| name | shopi-products-and-collections |
| description | Catalog operations with the shopi CLI (`shopi`) over the Shopify Admin GraphQL API: reading and searching products, variants, and collections, and writing them. Use whenever the user wants to create a product, update or bulk-update variants (price, SKU, inventory policy), change a product's status (ACTIVE/DRAFT/ARCHIVED), find products by tag/vendor/type/status, add or reorder products in a collection, create or update a collection, attach product media, or publish/unpublish a product to a sales channel (Online Store, POS) — even when they don't say "shopi" or "GraphQL". Complements the hub skill `shopi-cli-usage` (global flags, discovery, output, write safety) and defers to `shopi-bulk-operations` for very large catalogs. |
shopi: products and collections
This skill covers the product/catalog domain through shopi read, shopi write,
and shopi gql. It assumes the shopi-cli-usage hub skill for everything
global — discovery (ops/schema), output formats, GIDs, pagination,
--dry-run/--confirm write safety, and auth. Load that first; this skill only
adds the catalog-specific fields, mutations, and gotchas.

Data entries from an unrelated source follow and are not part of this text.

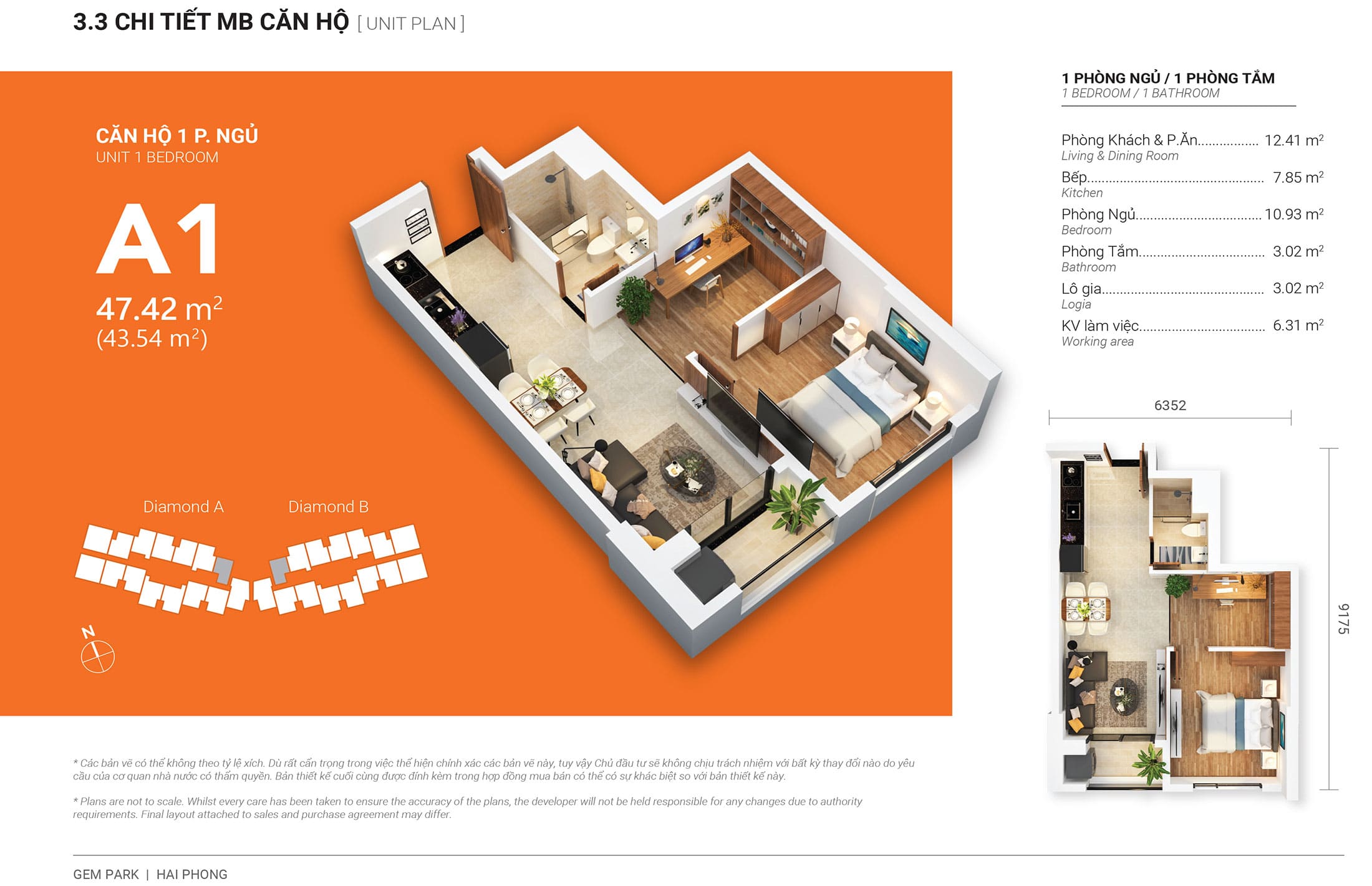 - Diamond Tower A: 484 căn (15 căn / sàn) (465 căn hộ cc + 19 căn Pen)
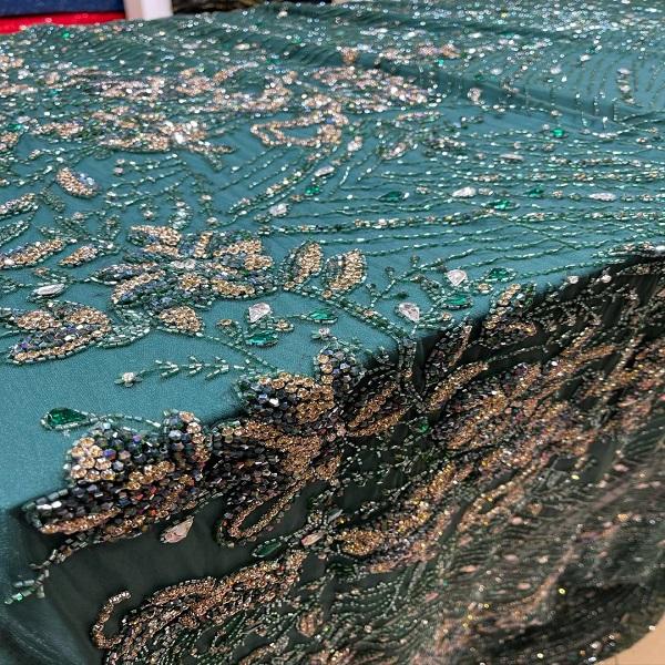 ผ้าลูกไม้ปักลายคุณภาพสูงประดับด้วยลูกปัดและเลื่อมอย่างหนาแน่น สำหรับชุดแต่งงาน ชุดราตรี ชุดงานเลี้ยง และแฟชั่นหรูหรา
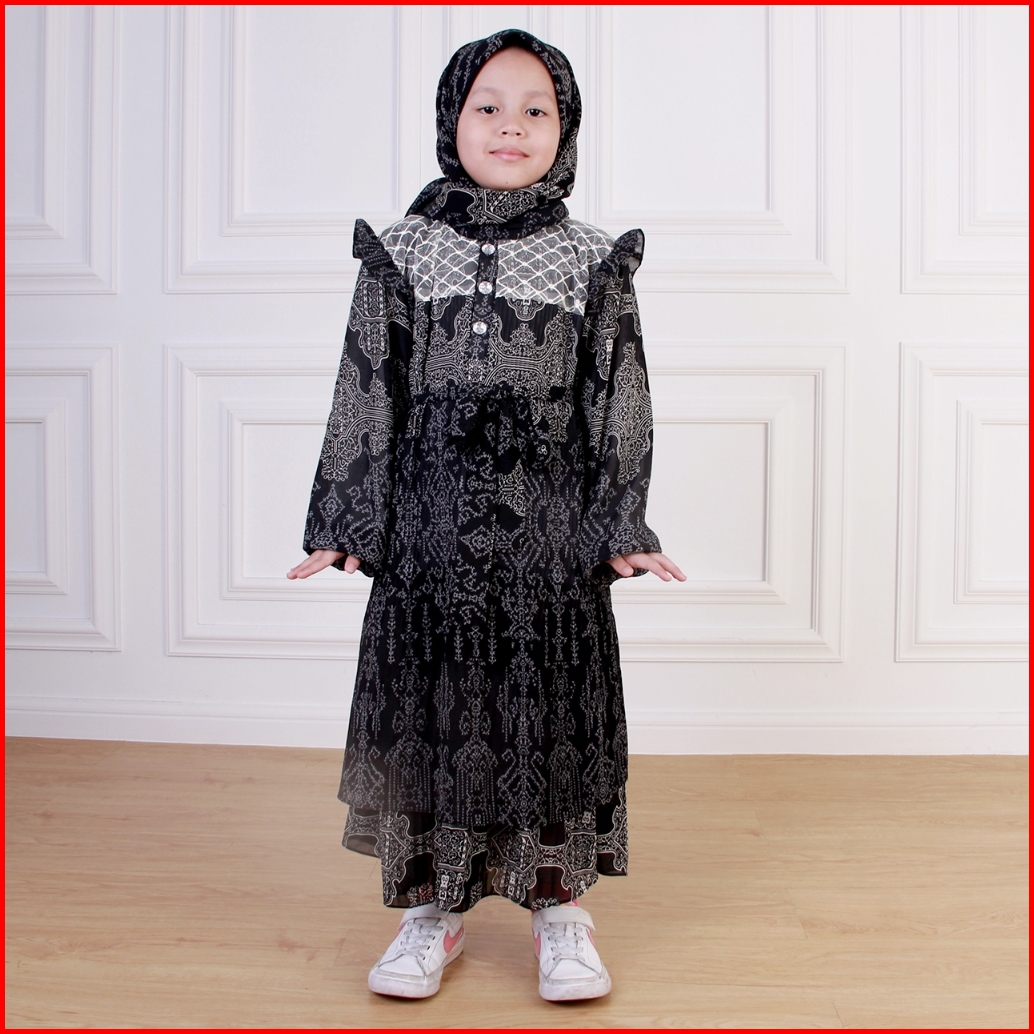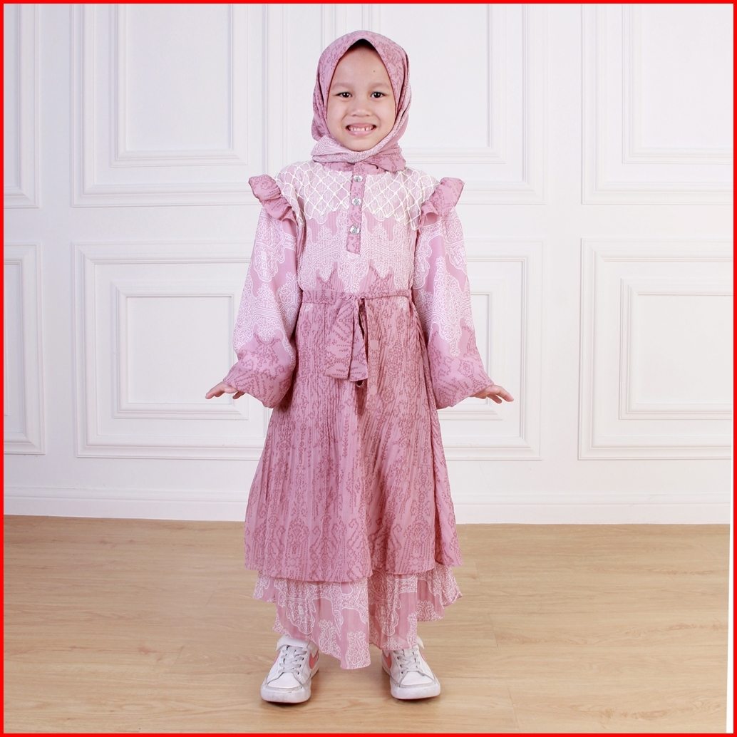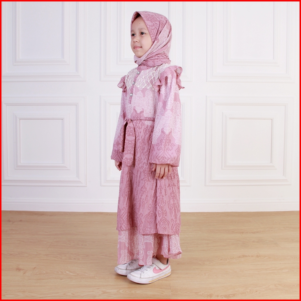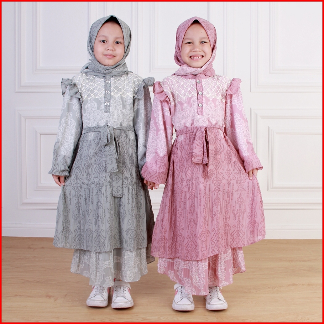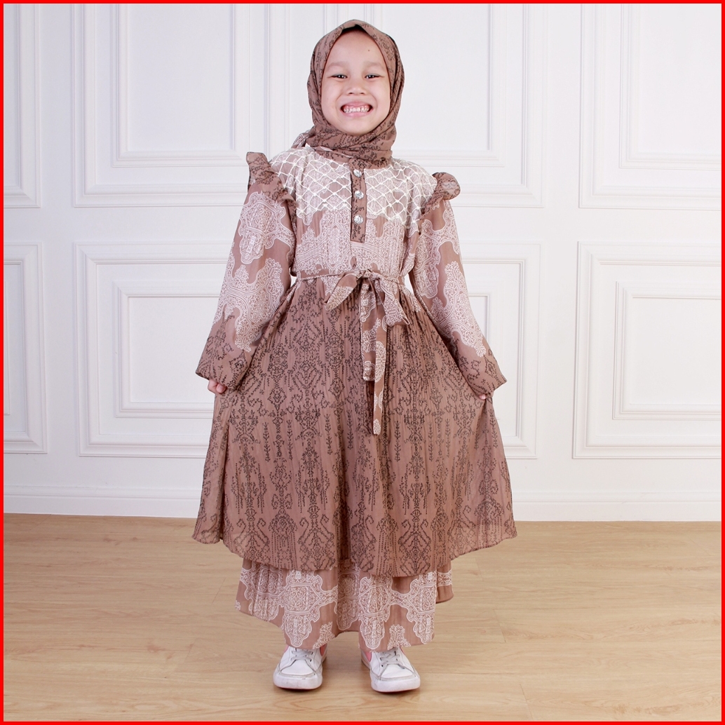 Dungdungkids Gamis Anak Silvia Umpak Brukat Ceruty Etnik Free Pashmina 4 - 12 Tahun
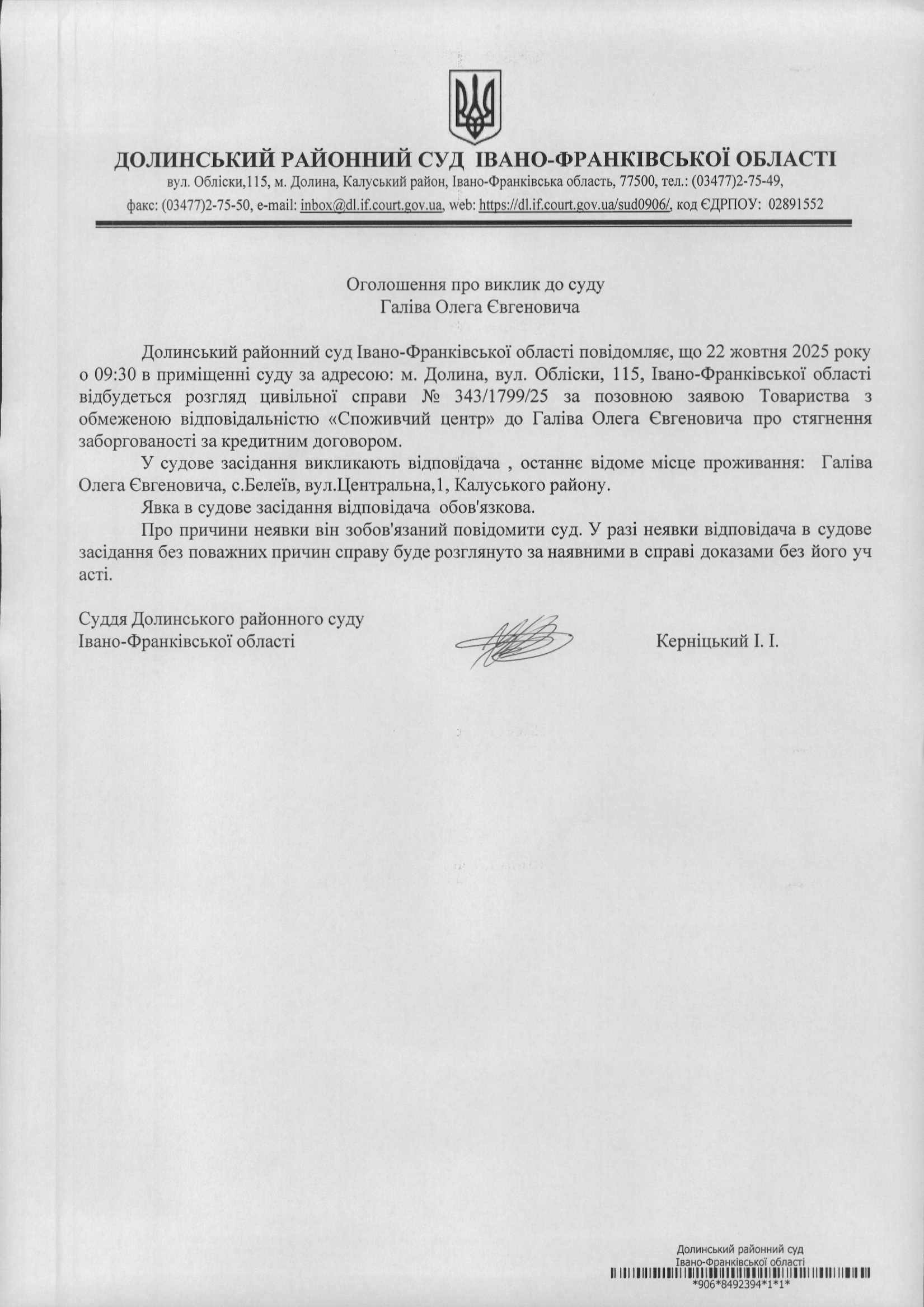 ОГОЛОШЕННЯ ПРО ВИКЛИК до СУДУ Галіва Олега Євгеновича у цивільній справі № 343/1799/25

The store's schema is the source of truth. Admin API shapes drift between
versions. The field/mutation/input/enum names below were verified against API
version 2026-04, but always confirm the exact args for your version with
discovery before a write:
shopi ops show productSet --kind mutation --json --pretty
shopi schema show ProductSetInput --json --pretty
Catalog cheat sheet
| Goal | shopi field / mutation |
|---|
| List/search products | shopi read products (Relay connection, query: search) |
| One product | shopi read product --id gid://shopify/Product/… |
| List/search variants | shopi read productVariants / shopi read productVariant |
| Create a product | shopi write productCreate |
| Update a product | shopi write productUpdate |
| Declarative create-or-update (product + options + variants + media) | shopi write productSet |
| Delete a product | shopi write productDelete |
| Add variants in bulk | shopi write productVariantsBulkCreate |
| Update variants in bulk | shopi write productVariantsBulkUpdate |
| Delete variants in bulk | shopi write productVariantsBulkDelete |
| Add/update/remove options | shopi write productOptionsCreate / productOptionUpdate / productOptionsDelete |
| Publish to a sales channel | shopi write publishablePublish |
| Unpublish from a channel | shopi write publishableUnpublish |
| List sales channels | shopi read publications |
| List/search collections | shopi read collections / shopi read collection |
| Create/update a collection | shopi write collectionCreate / collectionUpdate |
| Add products to a collection | shopi write collectionAddProductsV2 |
| Reorder products in a collection | shopi write collectionReorderProducts |
A longer field/filter/enum reference lives in
references/catalog-fields.md.
Reading products
products is a Relay connection: page with first/after and read
pageInfo { hasNextPage endCursor }. shopi auto-generates a connection-aware
selection, but pass an explicit --select for anything you parse.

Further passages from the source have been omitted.